» **What to do**:
If a record contains a picture, drop the picture and copy everything else exactly.

» **Supplied records**:
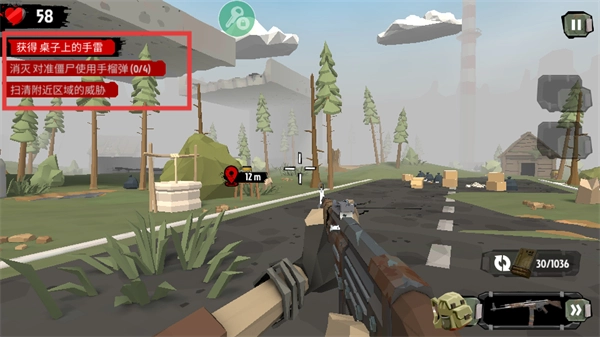 4、进入任务区域后,完成【获得桌子上的手雷】【消灭对准僵尸使用手榴弹(0/4)】【扫清附近区域的威胁】等任务目标。
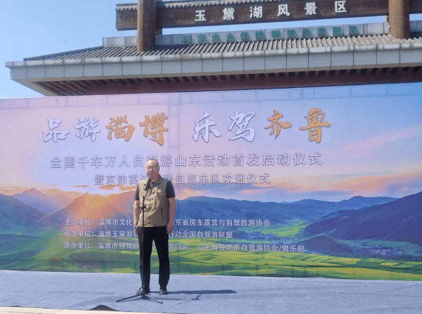 6月6日,风和日丽,繁花似锦,“品游淄博 乐驾齐鲁”全国千车万人自驾游山东活动首发启动仪式暨京津冀晋蒙豫入鲁自驾车队欢迎仪式在淄博玉黛湖景区隆重举行。 本次活动由山东省房车露营与自驾旅游协会、淄博市文化和旅游局主办,淄博市自驾游与房车露营协会、淄博玉黛湖景区、目标行动全国自驾游联盟承办。 淄博市文化和旅游局党组副书记、副局长严旭参加了活动。
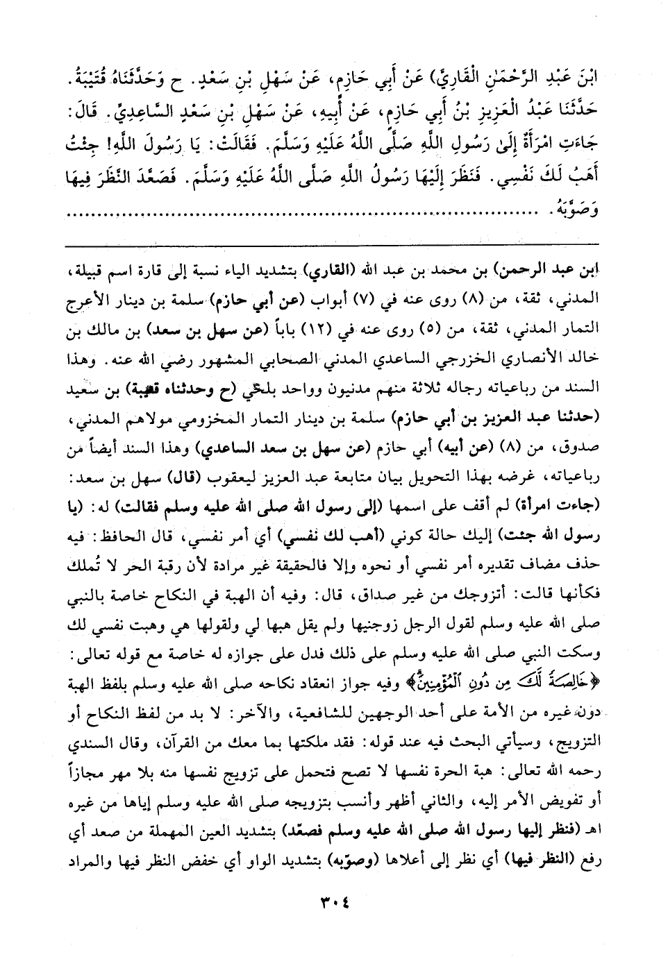 ابن عبد الرحمن) بن محمد بن عبد الله (القاري) بتشديد الياء نسبة إلى قارة اسم قبيلة، المدني، ثقة، من (٨) روى عنه في (٧) أبواب (عن أبي حازم) سلمة بن دينار الأعرج التمار المدني، ثقة، من (٥) روى عنه في (١٢) بابا (عن سهل بن سعد) بن مالك بن خالد الأنصاري الخزرجي الساعدي المدني الصحابي المشهور رضي الله عنه. وهذا السند من رباعياته رجاله ثلاثة منهم مدنيون وواحد بلخي (ح وحدثناه قتيبة) بن سعيد (حدثنا عبد العزيز بن أبي حازم) سلمة بن دينار التمار المخزومي مولاهم المدني، صدوق، من (٨) (عن أبيه) أبي حازم (عن سهل بن سعد الساعدي) وهذا السند أيضًا من رباعياته، غرضه بهذا التحويل بيان متابعة عبد العزيز ليعقوب (قال) سهل بن سعد: (جاءت امرأة) لم أقف على اسمها (إلى رسول الله صلى الله عليه وسلم فقالت) له: (يا رسول الله جئت) إليك حالة كوني (أهب لك نفسي) أي أمر نفسي، قال الحافظ: فيه حذف مضاف تقديره أمر نفسي أو نحوه وإلا فالحقيقة غير مرادة لأن رقبة الحر لا تُملك فكأنها قالت: أتزوجك من غير صداق، قال: وفيه أن الهبة في النكاح خاصة بالنبي صلى الله عليه وسلم لقول الرجل زوجنيها ولم يقل هبها لي ولقولها هي وهبت نفسي لك وسكت النبي صلى الله عليه وسلم على ذلك فدل على جوازه له خاصة مع قوله تعالى: (خَالِصَةً لَكَ مِنْ دُونِ الْمُؤْمِنِينَ) وفيه جواز انعقاد نكاحه صلى الله عليه وسلم بلفظ الهبة دون غيره من الأمة على أحد الوجهين للشافعية، والآخر: لا بد من لفظ النكاح أو التزويج، وسيأتي البحث فيه عند قوله: فقد ملكتها بما معك من القرآن، وقال السندي رحمه الله تعالى: هبة الحرة نفسها لا تصح فتحمل على تزويج نفسها منه بلا مهر مجازًا أو تفويض الأمر إليه، والثاني أظهر وأنسب بتزويجه صلى الله عليه وسلم إياها من غيره اهـ (فنظر إليها رسول الله صلى الله عليه وسلم فصعّد) بتشديد العين المهملة من صعد أي رفع (النظر فيها) أي نظر إلى أعلاها (وصوّبه) بتشديد الواو أي خفض النظر فيها والمراد
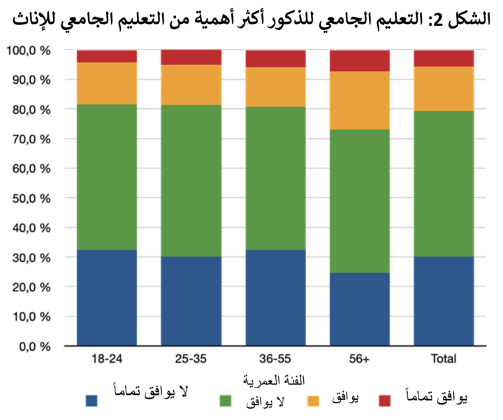 | الشكل 2: دعم المساواة بين الجنسين في المجال العام بين الذكور |
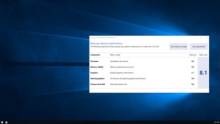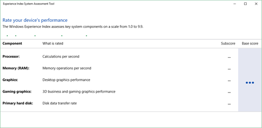 This Experience Index System Assessment Tool is a replacement for the graphical user interface (GUI) of the Windows System Assessment Tool (WinSAT) originally introduced in Windows Vista , but removed from Windows 8.1 and later versions.
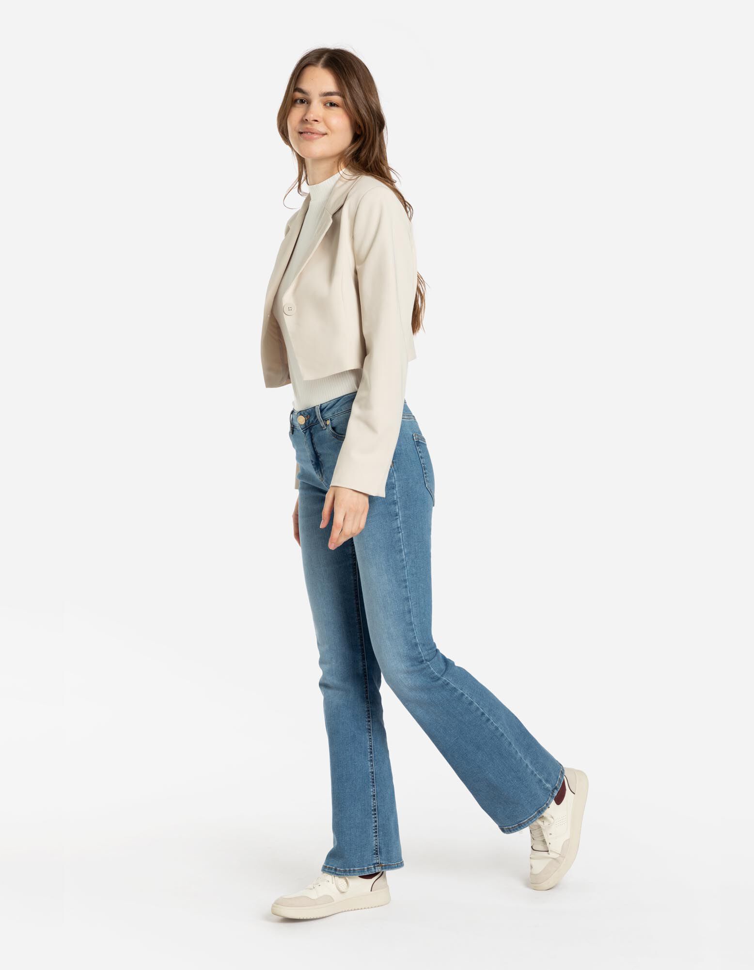 Naša modelka je vysoká 175 cm a nosí veľkosť 36.
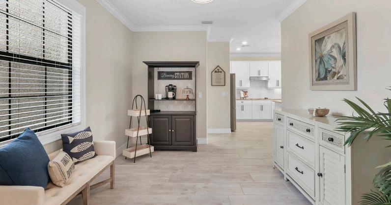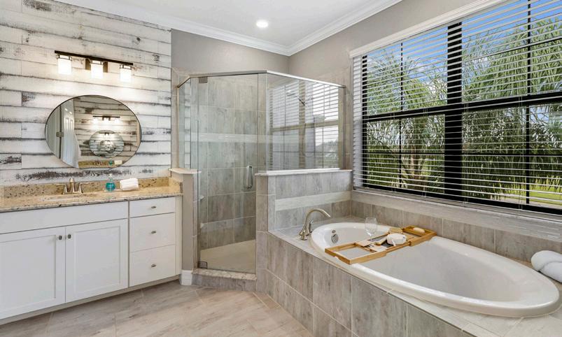 Introducing an exquisite 2-story National model home, showcasing elegance and tranquility. Set on a 1/3-acre private estate lot , this residence offers 3,464 sf of living space, ensuring ample room for family and guests. Neutral soothing tones and natural light illuminates this 5 bed/3 bath home, creating a warm and inviting ambience. Meticulously designed, it includes a convenient first-floor bedr oom and adjacent bathroom for comfort and accessibility. The interior boasts modern details such as crown molding, ceramic plank floori ng, a fireplace feature wall, and a graceful wooden staircase. The well-appointed kitchen features white cabinets, an oversized islan d with a farmhouse sink, upgraded SS appliances, tile backsplash, under cabinet lighting and a walk-in pantry. The outdoor living space offers a tranquil retreat, featuring a covered lanai and spa with a serene west-facing view overlooking a preserve. With ample room for customization, you can create your own outdoor oasis with a custom pool. The Place amenities include an indoor/outdoor restaurant/bar, cafe/barista bar, bourbon bar, fire pit, 11,000 square foot resor t pool, oversized spa, waterslide, splashpad, fitness center, tennis, pickleball, bocce ball, half-court basketball, and dog park. This is Resort Style living at its best!

» **Task solution**:
 4、进入任务区域后,完成【获得桌子上的手雷】【消灭对准僵尸使用手榴弹(0/4)】【扫清附近区域的威胁】等任务目标。
 6月6日,风和日丽,繁花似锦,“品游淄博 乐驾齐鲁”全国千车万人自驾游山东活动首发启动仪式暨京津冀晋蒙豫入鲁自驾车队欢迎仪式在淄博玉黛湖景区隆重举行。 本次活动由山东省房车露营与自驾旅游协会、淄博市文化和旅游局主办,淄博市自驾游与房车露营协会、淄博玉黛湖景区、目标行动全国自驾游联盟承办。 淄博市文化和旅游局党组副书记、副局长严旭参加了活动。
 ابن عبد الرحمن) بن محمد بن عبد الله (القاري) بتشديد الياء نسبة إلى قارة اسم قبيلة، المدني، ثقة، من (٨) روى عنه في (٧) أبواب (عن أبي حازم) سلمة بن دينار الأعرج التمار المدني، ثقة، من (٥) روى عنه في (١٢) بابا (عن سهل بن سعد) بن مالك بن خالد الأنصاري الخزرجي الساعدي المدني الصحابي المشهور رضي الله عنه. وهذا السند من رباعياته رجاله ثلاثة منهم مدنيون وواحد بلخي (ح وحدثناه قتيبة) بن سعيد (حدثنا عبد العزيز بن أبي حازم) سلمة بن دينار التمار المخزومي مولاهم المدني، صدوق، من (٨) (عن أبيه) أبي حازم (عن سهل بن سعد الساعدي) وهذا السند أيضًا من رباعياته، غرضه بهذا التحويل بيان متابعة عبد العزيز ليعقوب (قال) سهل بن سعد: (جاءت امرأة) لم أقف على اسمها (إلى رسول الله صلى الله عليه وسلم فقالت) له: (يا رسول الله جئت) إليك حالة كوني (أهب لك نفسي) أي أمر نفسي، قال الحافظ: فيه حذف مضاف تقديره أمر نفسي أو نحوه وإلا فالحقيقة غير مرادة لأن رقبة الحر لا تُملك فكأنها قالت: أتزوجك من غير صداق، قال: وفيه أن الهبة في النكاح خاصة بالنبي صلى الله عليه وسلم لقول الرجل زوجنيها ولم يقل هبها لي ولقولها هي وهبت نفسي لك وسكت النبي صلى الله عليه وسلم على ذلك فدل على جوازه له خاصة مع قوله تعالى: (خَالِصَةً لَكَ مِنْ دُونِ الْمُؤْمِنِينَ) وفيه جواز انعقاد نكاحه صلى الله عليه وسلم بلفظ الهبة دون غيره من الأمة على أحد الوجهين للشافعية، والآخر: لا بد من لفظ النكاح أو التزويج، وسيأتي البحث فيه عند قوله: فقد ملكتها بما معك من القرآن، وقال السندي رحمه الله تعالى: هبة الحرة نفسها لا تصح فتحمل على تزويج نفسها منه بلا مهر مجازًا أو تفويض الأمر إليه، والثاني أظهر وأنسب بتزويجه صلى الله عليه وسلم إياها من غيره اهـ (فنظر إليها رسول الله صلى الله عليه وسلم فصعّد) بتشديد العين المهملة من صعد أي رفع (النظر فيها) أي نظر إلى أعلاها (وصوّبه) بتشديد الواو أي خفض النظر فيها والمراد
 | الشكل 2: دعم المساواة بين الجنسين في المجال العام بين الذكور |
 This Experience Index System Assessment Tool is a replacement for the graphical user interface (GUI) of the Windows System Assessment Tool (WinSAT) originally introduced in Windows Vista , but removed from Windows 8.1 and later versions.
 Naša modelka je vysoká 175 cm a nosí veľkosť 36.
 Introducing an exquisite 2-story National model home, showcasing elegance and tranquility. Set on a 1/3-acre private estate lot , this residence offers 3,464 sf of living space, ensuring ample room for family and guests. Neutral soothing tones and natural light illuminates this 5 bed/3 bath home, creating a warm and inviting ambience. Meticulously designed, it includes a convenient first-floor bedr oom and adjacent bathroom for comfort and accessibility. The interior boasts modern details such as crown molding, ceramic plank floori ng, a fireplace feature wall, and a graceful wooden staircase. The well-appointed kitchen features white cabinets, an oversized islan d with a farmhouse sink, upgraded SS appliances, tile backsplash, under cabinet lighting and a walk-in pantry. The outdoor living space offers a tranquil retreat, featuring a covered lanai and spa with a serene west-facing view overlooking a preserve. With ample room for customization, you can create your own outdoor oasis with a custom pool. The Place amenities include an indoor/outdoor restaurant/bar, cafe/barista bar, bourbon bar, fire pit, 11,000 square foot resor t pool, oversized spa, waterslide, splashpad, fitness center, tennis, pickleball, bocce ball, half-court basketball, and dog park. This is Resort Style living at its best!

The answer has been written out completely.